About this task :: An exact transcription of the listing, without its images, is what the answer must contain.

Dataset excerpt ::
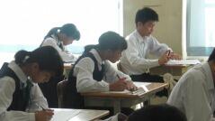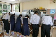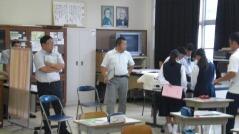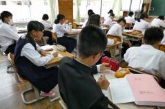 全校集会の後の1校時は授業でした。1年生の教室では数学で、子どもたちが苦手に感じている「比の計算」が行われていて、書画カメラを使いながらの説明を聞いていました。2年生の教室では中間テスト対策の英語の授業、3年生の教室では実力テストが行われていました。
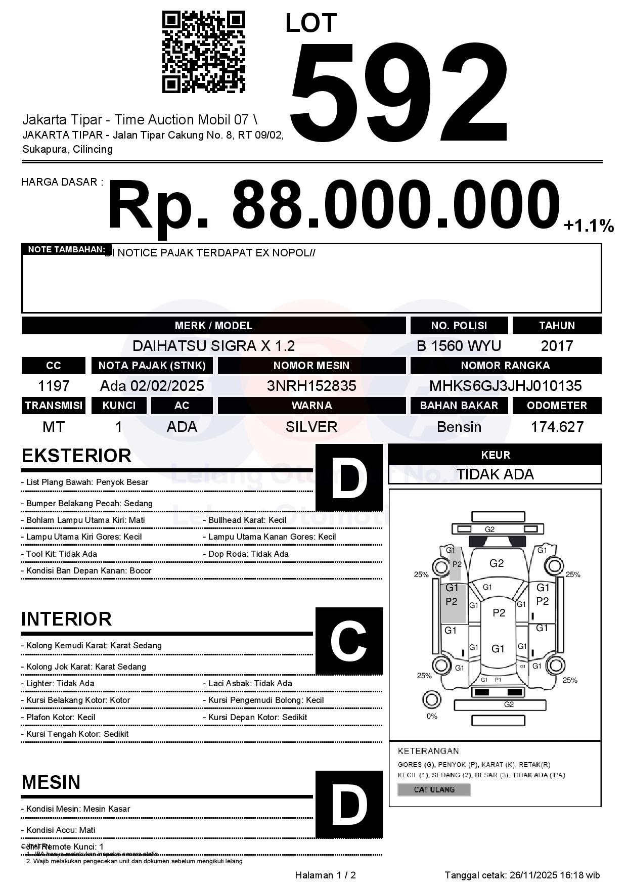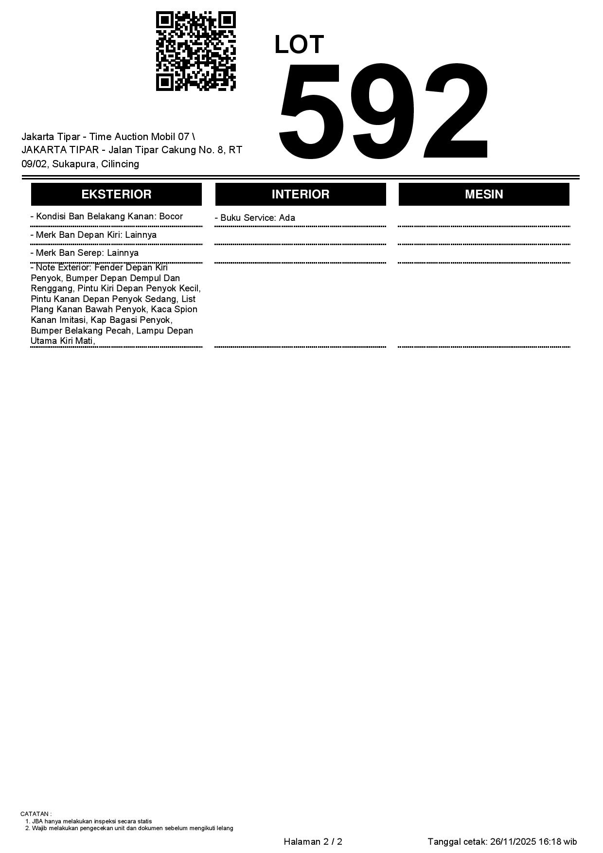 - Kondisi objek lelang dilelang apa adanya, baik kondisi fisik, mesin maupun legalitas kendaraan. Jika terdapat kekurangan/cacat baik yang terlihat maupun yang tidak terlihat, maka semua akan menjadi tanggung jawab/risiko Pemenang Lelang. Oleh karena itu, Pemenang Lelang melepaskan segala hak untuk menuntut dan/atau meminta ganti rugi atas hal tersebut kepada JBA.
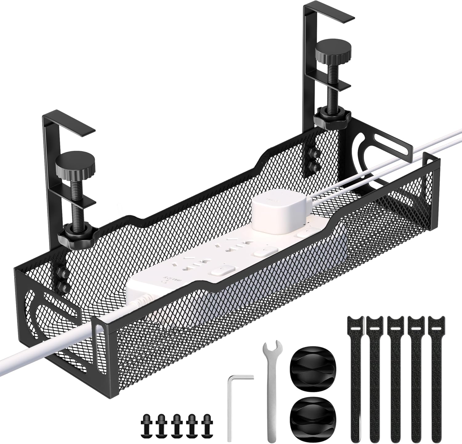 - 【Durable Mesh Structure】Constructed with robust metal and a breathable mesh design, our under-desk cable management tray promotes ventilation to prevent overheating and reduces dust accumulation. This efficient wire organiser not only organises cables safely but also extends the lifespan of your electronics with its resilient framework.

Result of this task ::
 全校集会の後の1校時は授業でした。1年生の教室では数学で、子どもたちが苦手に感じている「比の計算」が行われていて、書画カメラを使いながらの説明を聞いていました。2年生の教室では中間テスト対策の英語の授業、3年生の教室では実力テストが行われていました。
 - Kondisi objek lelang dilelang apa adanya, baik kondisi fisik, mesin maupun legalitas kendaraan. Jika terdapat kekurangan/cacat baik yang terlihat maupun yang tidak terlihat, maka semua akan menjadi tanggung jawab/risiko Pemenang Lelang. Oleh karena itu, Pemenang Lelang melepaskan segala hak untuk menuntut dan/atau meminta ganti rugi atas hal tersebut kepada JBA.
 - 【Durable Mesh Structure】Constructed with robust metal and a breathable mesh design, our under-desk cable management tray promotes ventilation to prevent overheating and reduces dust accumulation. This efficient wire organiser not only organises cables safely but also extends the lifespan of your electronics with its resilient framework.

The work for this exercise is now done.